Yesterday my former employees pulled the final straw, burst the final bubble, pushed me over to my breaking point. I couldn't do it anymore; I tired of the back-stabbing, name-calling, the having someone else do my job for me because I don't feel like it, the rotten attitudes, the always having to get someone into trouble, the high school mentalities and the drama that goes with them—everything! And also, I had worked for this place for five ridiculously long years and I had finally reached the pay amount I was making ten years ago at a different job—a whopping $8 an hour. This finally came about only on the last pay period, and though I deserved to be making more considering I rarely called off, was never late, did my job better than any of the other employees (yes, I truly believe this), so on and so forth, I come to find out that people who had been there only a year or even less got bigger raises and were making more than I was. I. Was. Hot. I decided then and there I was not going to do anymore extra work than what my job required me to do.

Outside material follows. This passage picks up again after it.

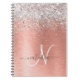 Ro Guld Brushed Metall Glitter Monogram Namn Anteckningsbok

So, for the past two weeks I kept up with that mantra. I will not do more than what my job required me to do. I was not going to do other people's work for them just because they don't feel like it and so they can have more cigarette breaks. Wasn't going to do it. Then this Sunday I come to find out the reason why when I came to work and it looked like my replacement on my day off (Saturday) hadn't done much was because she was pulled away to do work she wasn't supposed to be doing, just so the rest could get out of work faster. So that left me with a pile of work, and then told I only had three hours to work on it, then the rest of the day I had to go do work that was not a part of my job, because the damn place won't hire enough help.
I did my work in the three hours I was allotted, punched out and told the manager I'll be back Thursday to drop off my uniforms and pick up my final paycheck. I was scheduled to work through this entire week until my weekend off. My boyfriend didn't like that I quit, especially without having another job already in line, but I'm going to look at this as a time to refuel and a time to push away the stress my former work had caused me. I suffer from anxiety as it is, but when the stress levels from all of the hate at work rises, my anxiety does too and I begin having heart palpitations, and those my dear readers are no fun. Not at all. When they happen, you feel like you'll have a heart attack. Stress has been known to cause heart attacks, and that place of which I worked brought upon its own drama and stress when it needn't have. Whenever anyone had a problem with someone, usually I was the one everyone came to to dump their problems onto, and why I have no idea, but it only caused me more stress and anxiety and the feeling of a possible heart attack.
I'm glad to be done there. I should have left there a long time ago, and the real reason why I didn't leave is because I'm not a people person and the job made it so I didn't have to interact with a lot of people, primarily just the fellow employees. So now that I have this time on my hands, and in a little while I'll start the filling of applications process, I'm going to clean this house, clean it good, and work on my novel, maybe do some yard work if I feel up to it (which I've been neglecting the entire year), get some reading done. I think I'm going to enjoy not working a little too much, but not having my own money is going to really suck. My boyfriend has a good job (when he works) but I still hate to have to borrow money from him to buy what I want, because then I feel as if I owe him. I feel this way with everyone. But until I do get another job, I'm going to take advantage of my free time and get to writing and other things I couldn't with the day job.